In principle I agree with you but in this particular case I agree the ask
is just too big. I suspect it is one of btrfs btree locks or maybe
chunk_mutex but I doubt even btrfs developers know and maybe it is just a
cargo cult. And it is not like this would be the first occurence of this
anti-pattern in btrfs - see e.g. device_list_add(), add_missing_dev(),
btrfs_destroy_delalloc_inodes() (here the wrapping around
invalidate_inode_pages2() looks really weird), and many others...
Honza
--
Jan Kara <[email protected]>
SUSE Labs, CR
On Thu, Jan 04, 2024 at 12:49:58PM +0100, Jan Kara wrote:
> On Sat 23-12-23 17:31:55, Matthew Wilcox wrote:
> > On Thu, Dec 21, 2023 at 04:57:04PM +0800, Yu Kuai wrote:
> > > @@ -3674,16 +3670,17 @@ struct btrfs_super_block *btrfs_read_dev_one_super(struct block_device *bdev,
> > > * Drop the page of the primary superblock, so later read will
> > > * always read from the device.
> > > */
> > > - invalidate_inode_pages2_range(mapping,
> > > - bytenr >> PAGE_SHIFT,
> > > + invalidate_bdev_range(bdev, bytenr >> PAGE_SHIFT,
> > > (bytenr + BTRFS_SUPER_INFO_SIZE) >> PAGE_SHIFT);
> > > }
> > >
> > > - page = read_cache_page_gfp(mapping, bytenr >> PAGE_SHIFT, GFP_NOFS);
> > > - if (IS_ERR(page))
> > > - return ERR_CAST(page);
> > > + nofs_flag = memalloc_nofs_save();
> > > + folio = bdev_read_folio(bdev, bytenr);
> > > + memalloc_nofs_restore(nofs_flag);
> >
> > This is the wrong way to use memalloc_nofs_save/restore.

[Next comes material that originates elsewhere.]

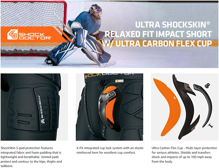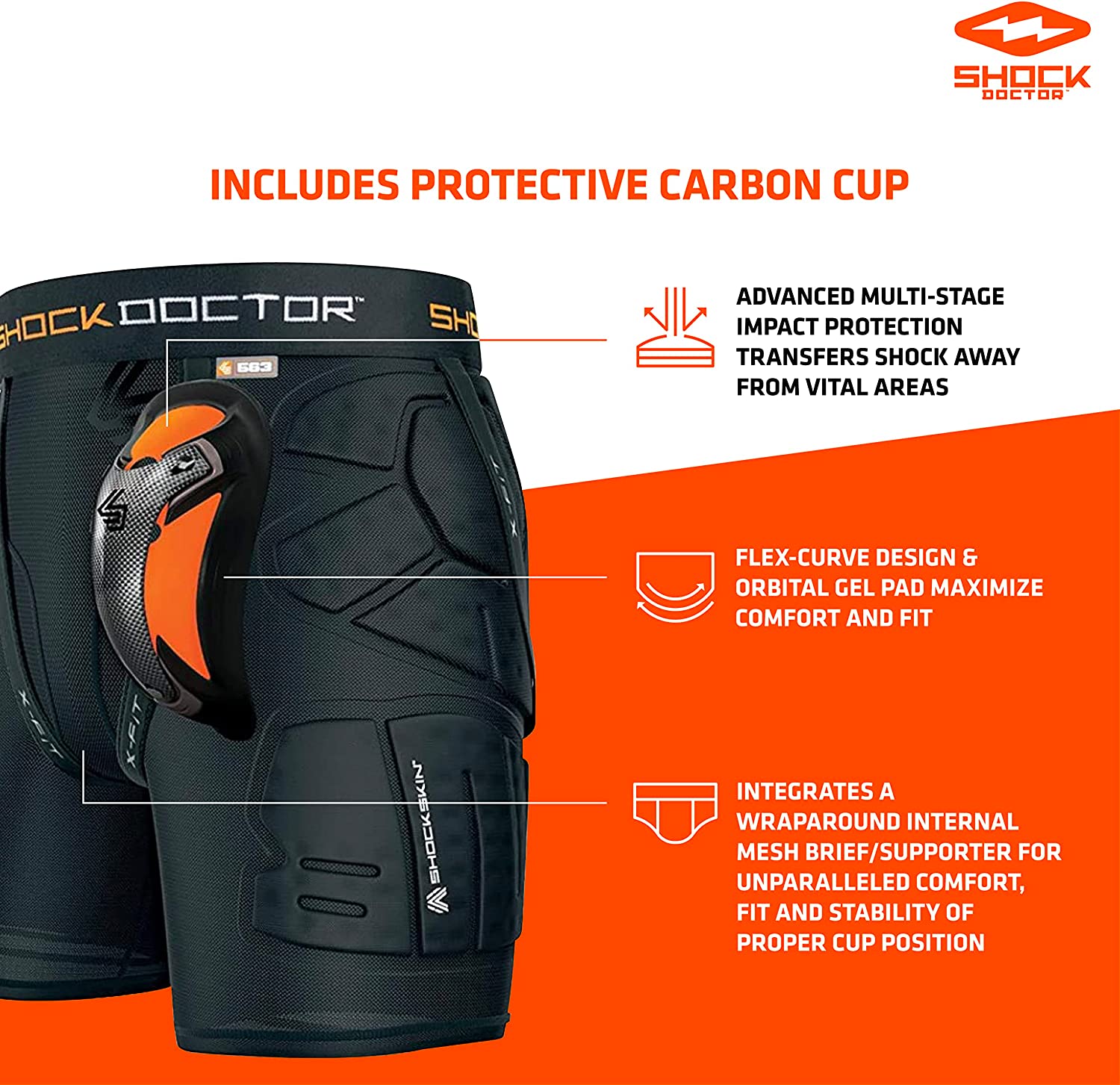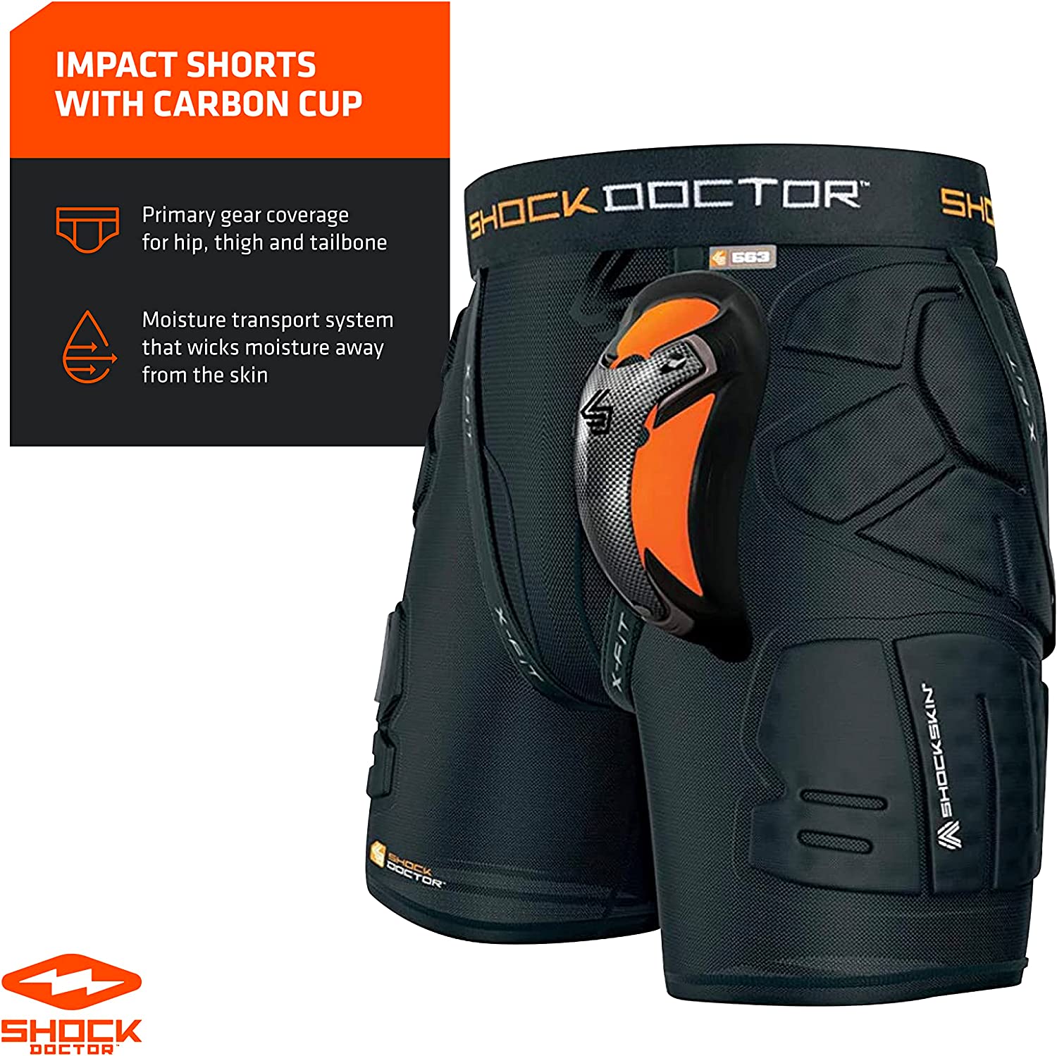 • COMFORTABLE PROTECTION: Shock Doctor Men's Impact Shorts come with an Ultra Carbon Flex Cup, designed to ultra-protect and contour to hips, thighs, and tailbone with ShockSkin padding.

They should be
> > used at the point that the filesystem takes/releases whatever lock is
> > also used during reclaim. I don't know btrfs well enough to suggest
> > what lock is missing these annotations.
>
> In principle I agree with you but in this particular case I agree the ask
> is just too big. I suspect it is one of btrfs btree locks or maybe
> chunk_mutex but I doubt even btrfs developers know and maybe it is just a
> cargo cult. And it is not like this would be the first occurence of this
> anti-pattern in btrfs - see e.g. device_list_add(), add_missing_dev(),
> btrfs_destroy_delalloc_inodes() (here the wrapping around
> invalidate_inode_pages2() looks really weird), and many others...
The pattern is intentional and a temporary solution before we could
implement the scoped NOFS. Functions calling allocations get converted
from GFP_NOFS to GFP_KERNEL but in case they're called from a context
that either holds big locks or can recursively enter the filesystem then
it's protected by the memalloc calls. This should not be surprising.
What may not be obvious is which locks or kmalloc calling functions it
could be, this depends on the analysis of the function call chain and
usually there's enough evidence why it's needed.